The second message is thrown during the recovery process.

Is there something I am doing wrong?
How much time does normal hdfs safemode recovery takes?
Will there be any speedup, by not starting task trackers till job
tracker is started?
Are there any known hadoop problems on amazon cluster?

Thanks for your help.

Regards
Bala Mudiam

Re: HDFS safemode recovery take more than an hour

Posted by Allen Wittenauer <aw...@linkedin.com>.

On Jun 11, 2010, at 6:04 PM, Bhupesh Bansal wrote:

> How you doing? Heard finally moving away from Solaris and moving to linux :)
> Hope things are going well for you !

HP apparently doesn't want us to eval their hardware (at least, by their non response), so at this rate we aren't. :( Maybe they are afraid I'll make it break. ;)   [I'll likely stick to Solaris on the NN and JT due to much more sane large page support.  That really needs to get fixed in the Linux kernel.]

> I think I found the source of my problems, The issue is in Amazon EC2 when I
> start my cluster (1 namenode, 16 datanodes) datanodes are not able to talk
> to namenode at all (I tried telnet from datanode to namenode) and it gets
> fixed progressively and magically in about 30-40 mins when all of them to be
> able to talk and hence the safemode taking 40 mins.

Oh, weird.  I have no practical experience with EC2, so can't really offer any guidance.  Tom or someone else might be able to tho.

Re: HDFS safemode recovery take more than an hour

Posted by Bhupesh Bansal <bb...@tellapart.com>.

Allen,

How you doing? Heard finally moving away from Solaris and moving to linux :)
Hope things are going well for you !

I think I found the source of my problems, The issue is in Amazon EC2 when I
start my cluster (1 namenode, 16 datanodes) datanodes are not able to talk
to namenode at all (I tried telnet from datanode to namenode) and it gets
fixed progressively and magically in about 30-40 mins when all of them to be
able to talk and hence the safemode taking 40 mins.

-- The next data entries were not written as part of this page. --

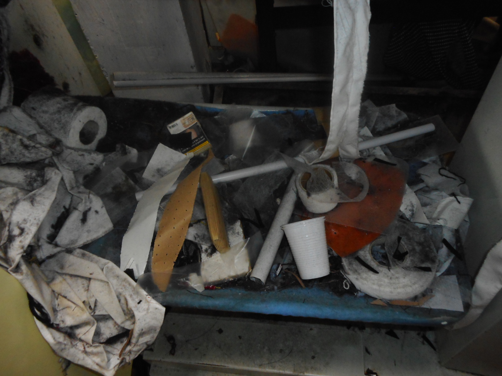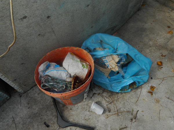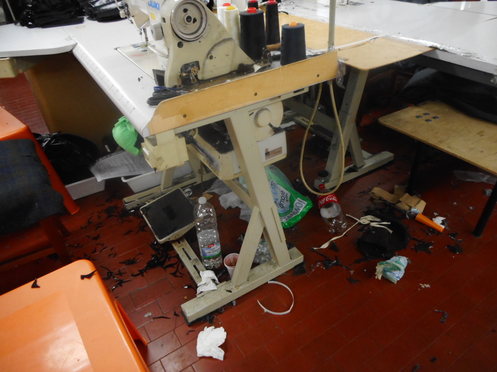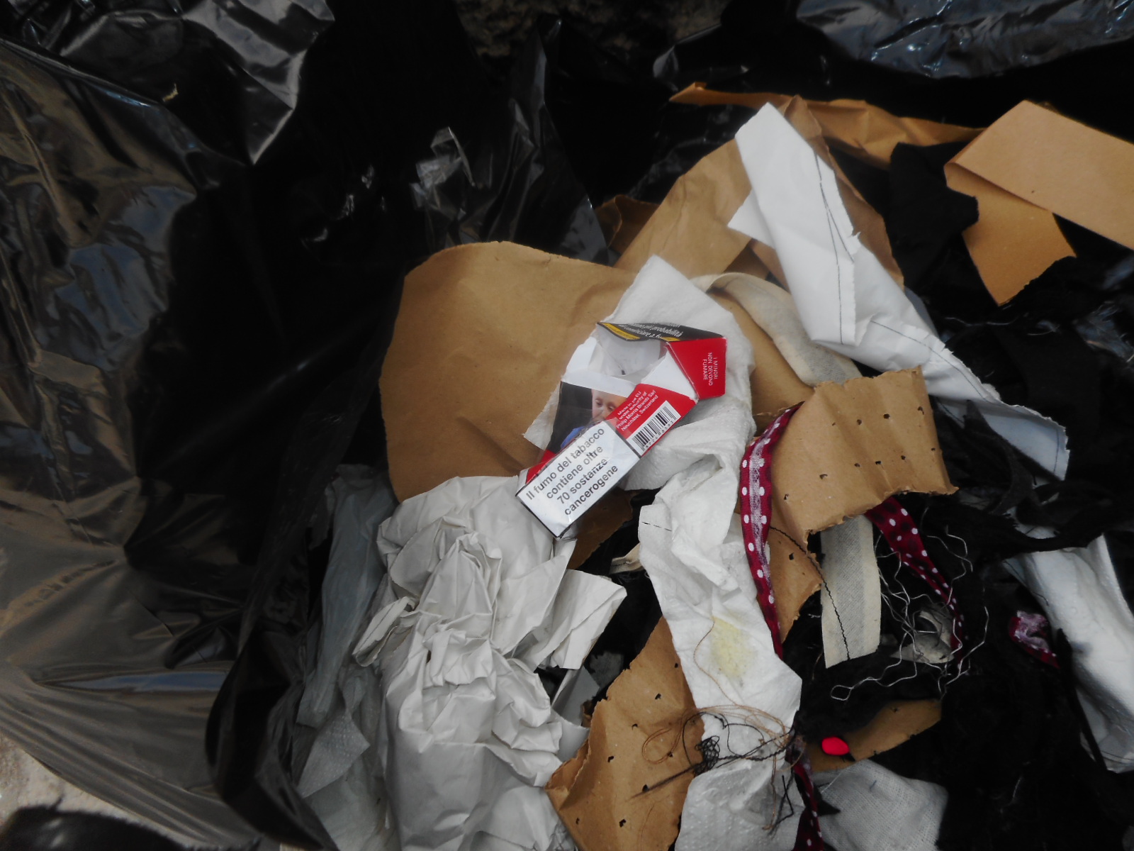 I sacchi neri accumulati all’ingresso del laboratorio contenevano ritagli di tessuto mescolati a rifiuti domestici come: bicchieri e bottiglie di plastica, lattine e contenitori di bevande ed alimenti, resti di cibi, mozziconi di sigaretta. Depositato alla rinfusa su una rampa di scale si trovava anche un ammasso di capi in tessuto non ancora finiti.
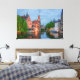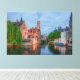 Lienzo Ciudad antigua y torre Belfry de noche en Brujas
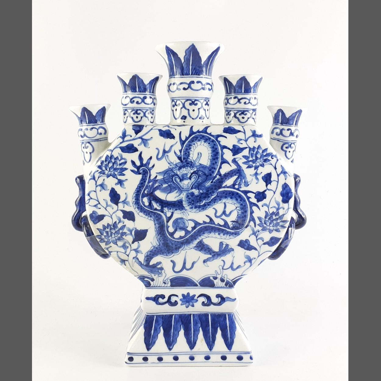 A vintage blue/white Asian tulip bowl with dragon motif standing 25cm tall with Chinese marks to base. No damage.
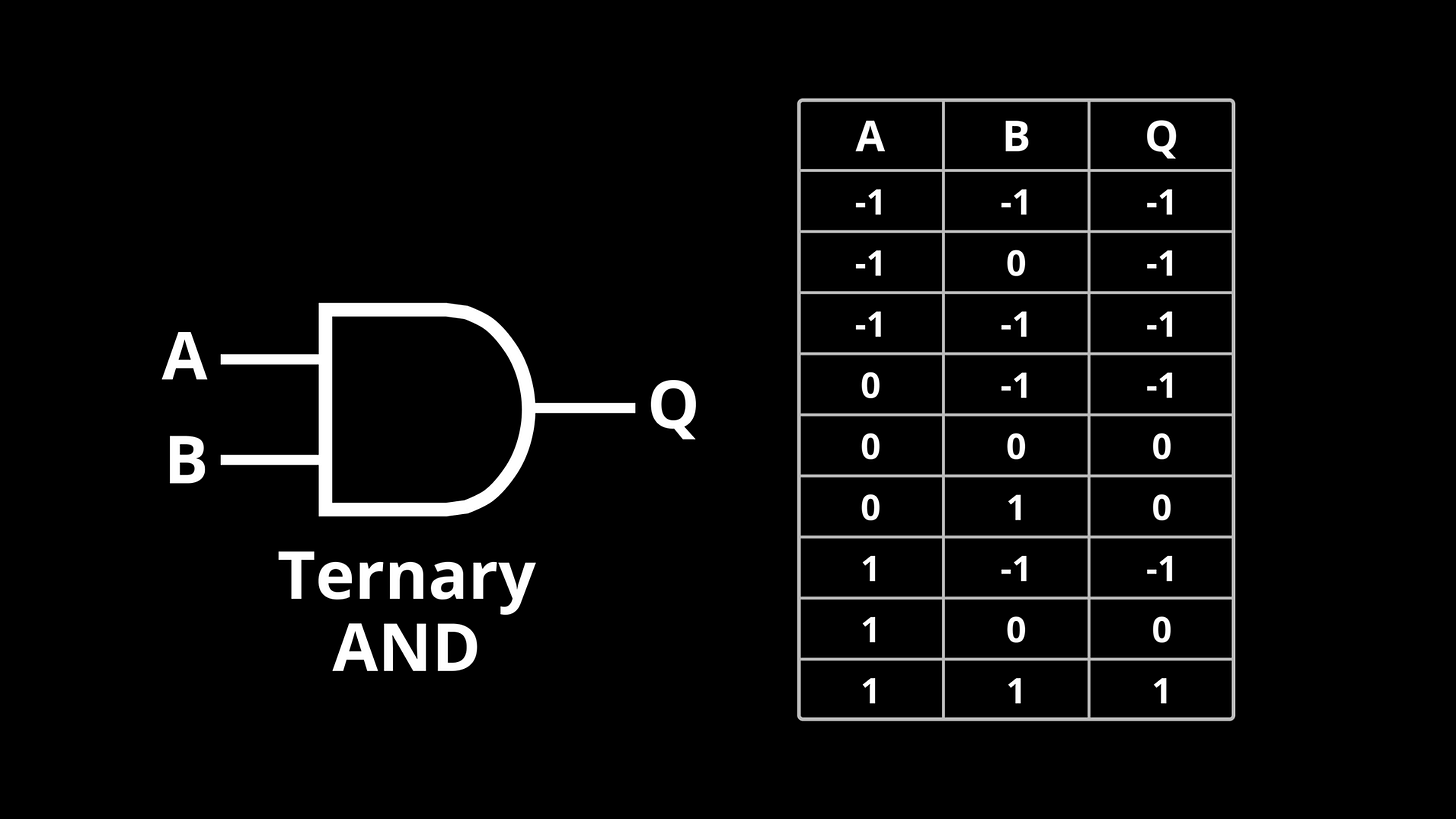 In ternary, things get spicy. Each input can be –1, 0, or +1. In binary, there are only 4 combinations. In ternary, you get 27. And in this setup, the ternary AND gate just returns the lowest value.
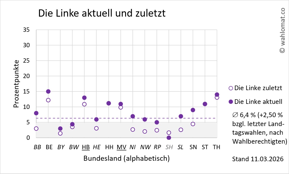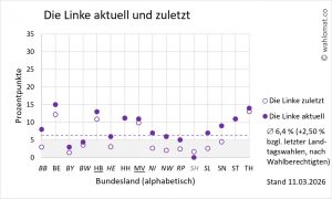 In den aktuellen Umfragen gewinnt die Linke +2,50 % bzgl. der letzten Landtagswahlen, gewichtet nach Wahlberechtigten** (Stand 11.03.2026). In fünf von 16 Bundesländern steht die Partei an oder unterhalb der 5 %-Grenze. In den Stadtstaaten und den ostdeutschen Bundesländern ist die Partei überrepräsentiert. In neun von 16 Landtagen ist die Partei nicht vertreten.
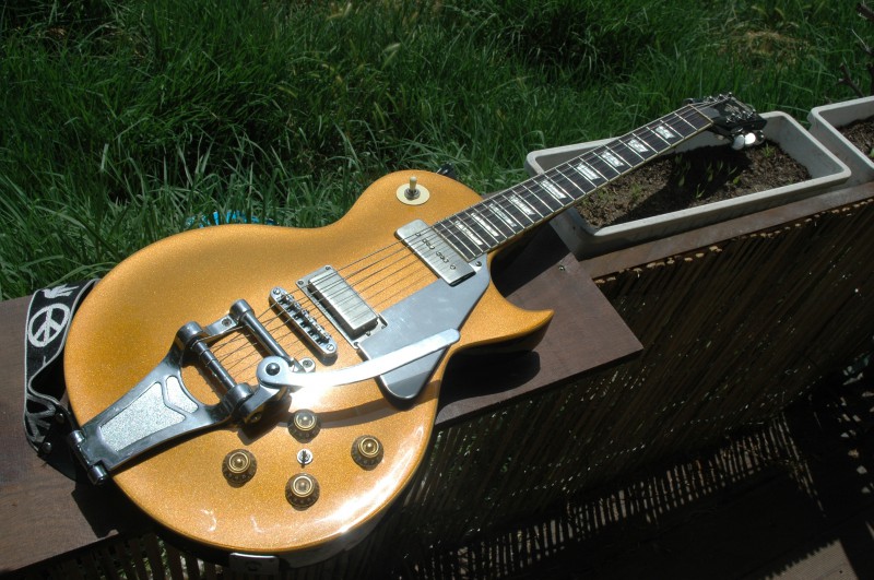 Monté sur une modeste Vintage V100GT goldtop d'occase (je n'avais pas les moyens d'acheter une authentique 1952 ou 1953), le résultat est absolument époustouflant : ça sonne "Neil Young" à mort ! Accordée en double drop D, c'est tout bonnement monstrueux ...
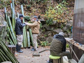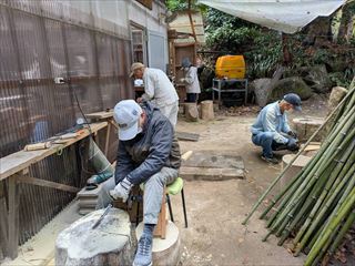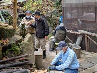 新年を迎えるにあたり、祝箸・宝船・しゃもじの制作や当会が各イベントで使用しているスマートボールの遊具の改修作業を行い、次回の行事に備えています。また、年末の大掃除で6号倉庫屋根の清掃やキノコ栽培地の清掃をしました。
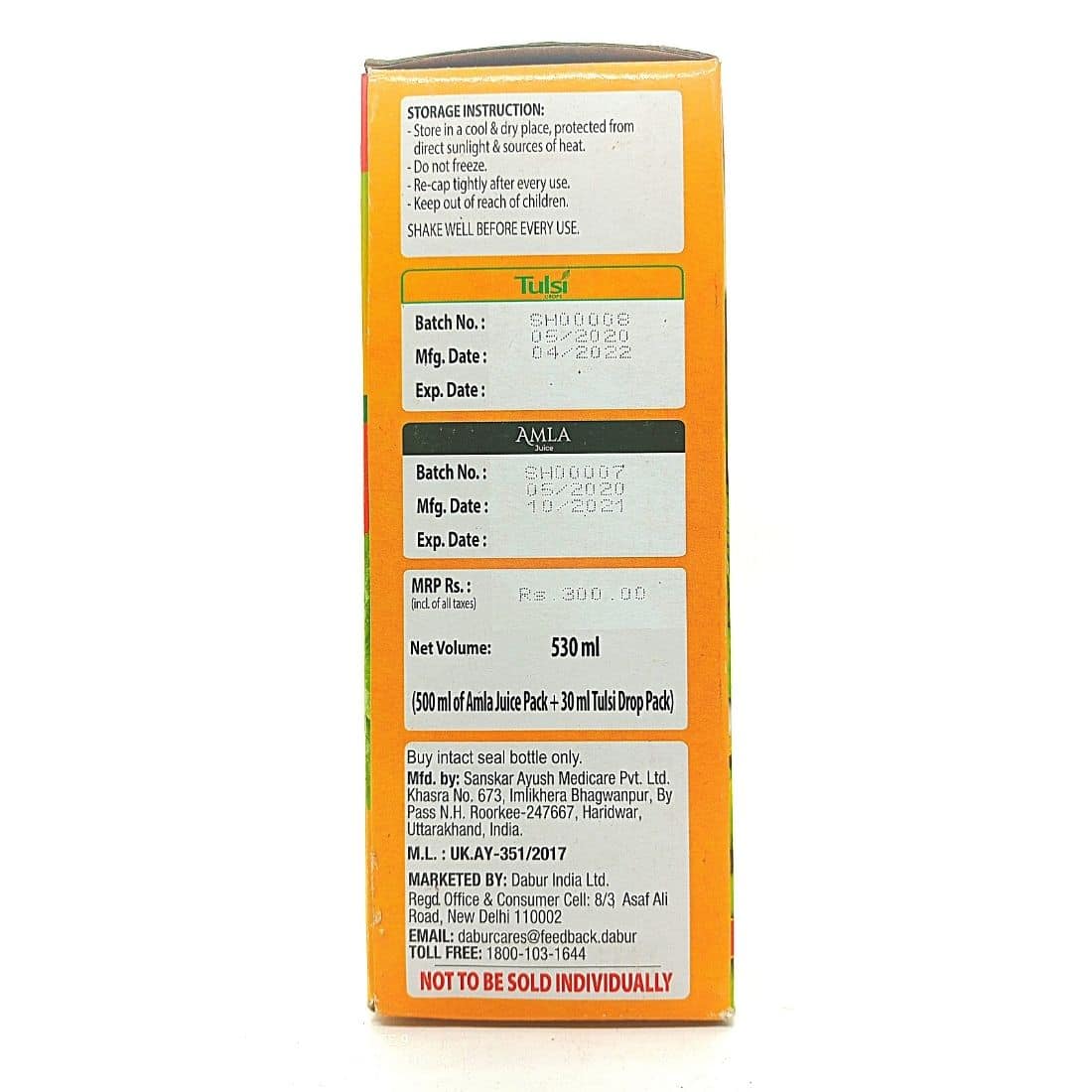 Dabur Amla Juice is good for liver health and aids in improving liver and digestive functions, countering inflammation and protecting against effects of free radicals. Scientific studies have exhibited that it also helps in lowering cholesterol. Dabur Tulsi Drops has antioxidant properties which help boost immunity. and Good For Immunity, Builds Respiratory Health, Relief Form Cough And Cold, Immunity Booster, Builds immunity.
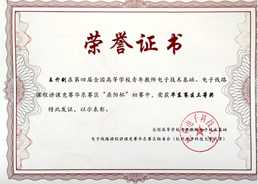 - 2022-09-09贝博官网教师在第四届全国高等学校青年教师电子技术基础、电子线路课程讲课竞赛中荣获华东赛区三等奖
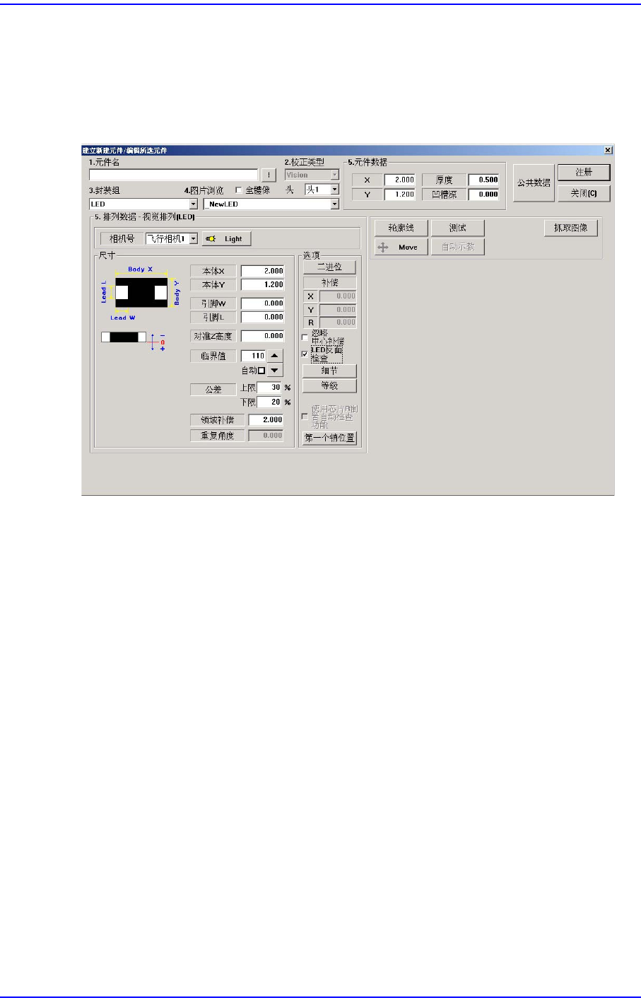 对于LED 元件识别的主要选项如下。
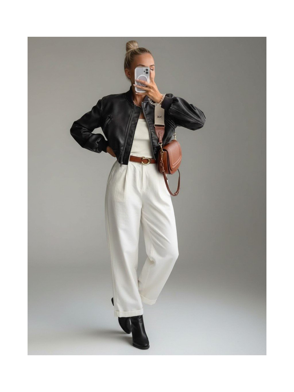 Stylový bomber jacket z ekokůže upoutá pozornost Bunda má moderní zkrácený střih (cropped), který skvěle zvýrazní pas, a je doplněna klasickými žebrovanými náplety na límci, rukávech a spodním lemu. Zapínání je řešeno kovovým zipem.
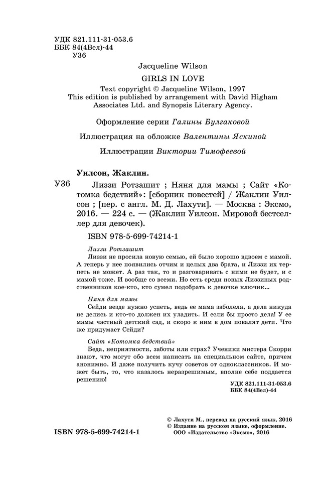 В данный момент этот товар отсутствует в продаже. Возможно, у нас найдется аналогичный или похожий товар здесь. Серия: Жаклин Уилсон. Мировой бестселлер для девочек Лиззи Ротзашит.
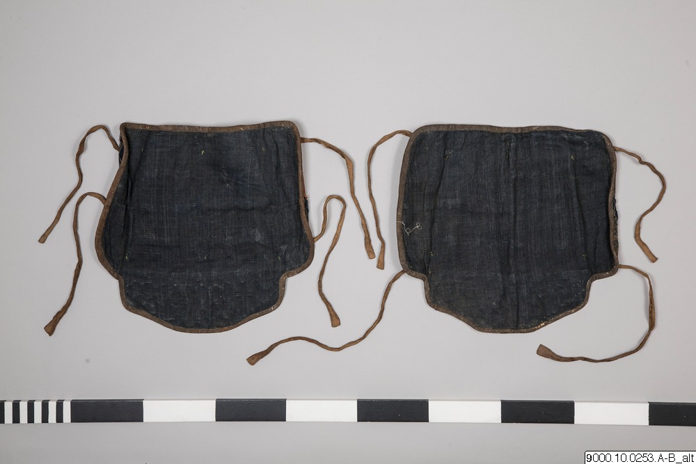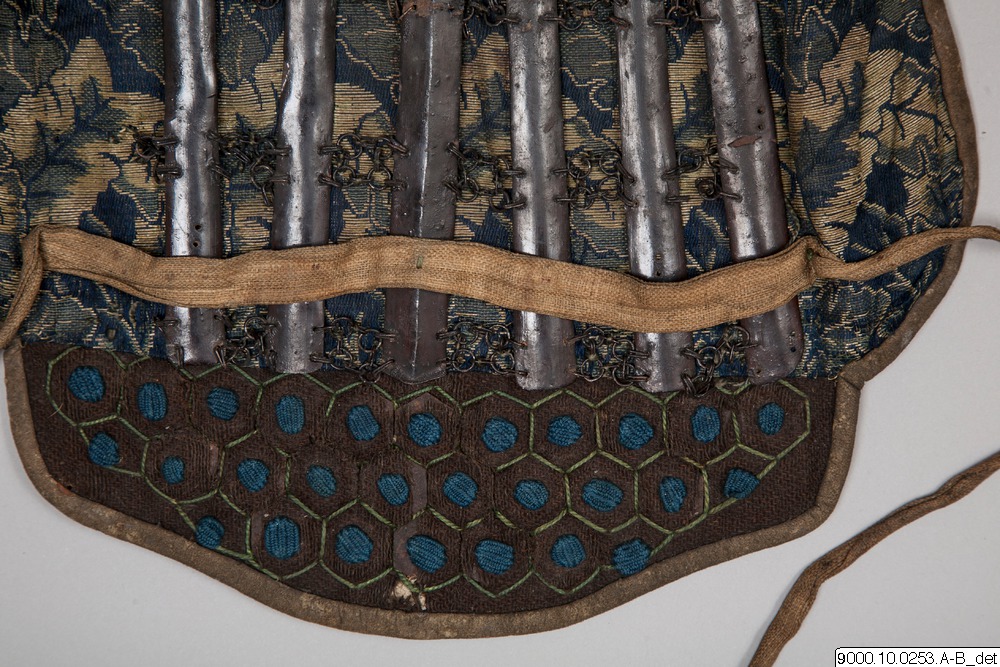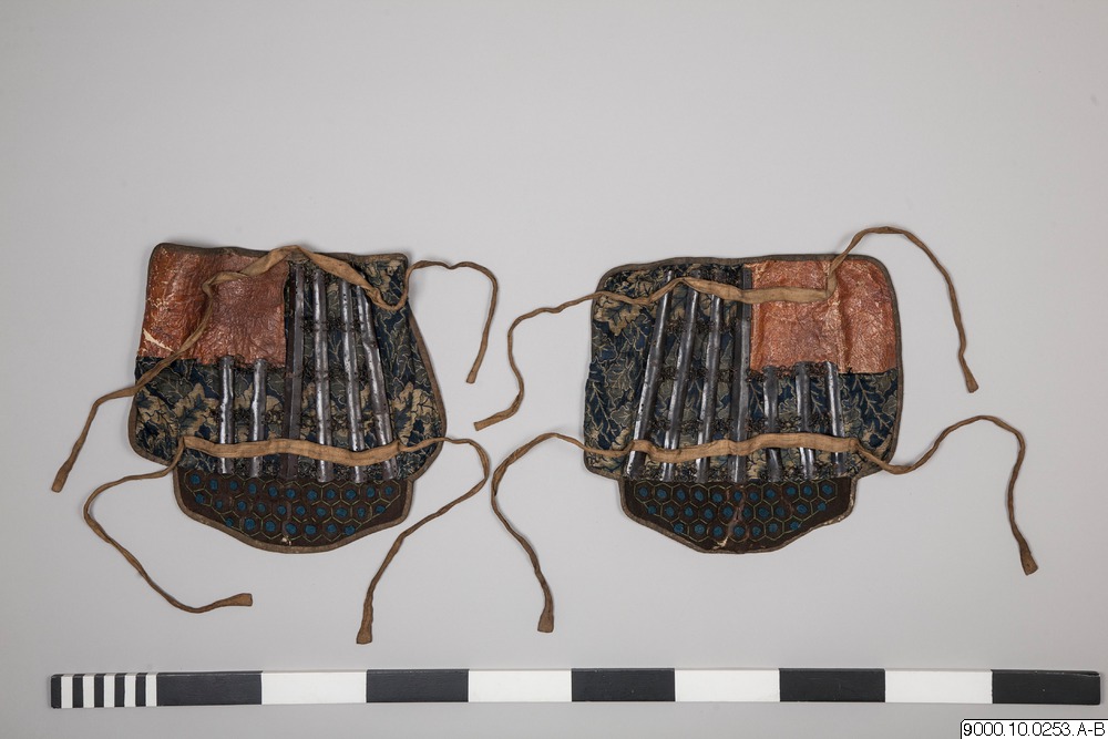 Benskydd, del av par. Brunlackerade lameller sammanfogade med ringbrynja på en botten av blå, mönstrad brokad. Insidan fodrad med blått tyg. Brunt skinn i nedre hörnet. Ljusa knytband. Övre delen av skyddet med insydda nitar täckta av brun textil och blå silkessnören.

We are running secondary namenode and do regular scps to safe guard the
data.

Best
Bhupesh

On Fri, Jun 11, 2010 at 5:57 PM, Allen Wittenauer [via Lucene] <
ml-node+889956-634000226-291170@n3.nabble.com<ml...@n3.nabble.com>
> wrote:

>
> (removing hadoop-user@lucene)
>
> On Jun 11, 2010, at 5:08 PM, Bhupesh Bansal wrote:
>
> > I am also seeing similar issues, I am not clear how will the secondary
> name
> > node helps here ?
> > AFAIK secondary namenode checkpoints and saves namenode snapshots
> > periodically and namenode
> > do not check with secondary namenode for any data inconsistencies.
>
>
> You can copy the checkpoint over to the primary.  This is better than no
> backup at all. :)
>
> ------------------------------
>  View message @
> http://lucene.472066.n3.nabble.com/HDFS-safemode-recovery-take-more-than-an-hour-tp784779p889956.html
> To unsubscribe from Re: HDFS safemode recovery take more than an hour, click
> here< (link removed) >.
>
>
>

-- 
View this message in context: http://lucene.472066.n3.nabble.com/HDFS-safemode-recovery-take-more-than-an-hour-tp784779p889964.html
Sent from the Hadoop lucene-users mailing list archive at Nabble.com.

Re: HDFS safemode recovery take more than an hour

Posted by Allen Wittenauer <aw...@linkedin.com>.

(removing hadoop-user@lucene)

On Jun 11, 2010, at 5:08 PM, Bhupesh Bansal wrote:

> I am also seeing similar issues, I am not clear how will the secondary name
> node helps here ? 
> AFAIK secondary namenode checkpoints and saves namenode snapshots
> periodically and namenode 
> do not check with secondary namenode for any data inconsistencies. 

You can copy the checkpoint over to the primary.  This is better than no backup at all. :)

Re: HDFS safemode recovery take more than an hour

Posted by Bhupesh Bansal <bb...@tellapart.com>.

Steve, 

I am also seeing similar issues, I am not clear how will the secondary name
node helps here ? 
AFAIK secondary namenode checkpoints and saves namenode snapshots
periodically and namenode 
do not check with secondary namenode for any data inconsistencies. 

Best
Bhupesh
-- 
View this message in context: http://lucene.472066.n3.nabble.com/HDFS-safemode-recovery-take-more-than-an-hour-tp784779p889900.html
Sent from the Hadoop lucene-users mailing list archive at Nabble.com.

Re: HDFS safemode recovery take more than an hour

Posted by Steve Loughran <st...@apache.org>.

Balanagireddy Mudiam wrote:

> How much time does normal hdfs safemode recovery takes?

If you don't have secondary namenode set up it has to replay namenode 
operations, the time to recover then depends on how long the cluster has 
been up. 40 minutes is entirely possible. Don't panic and kill the 
process, incidentally, that only makes things worse.

> Will there be any speedup, by not starting task trackers till job
> tracker is started?

no

-steve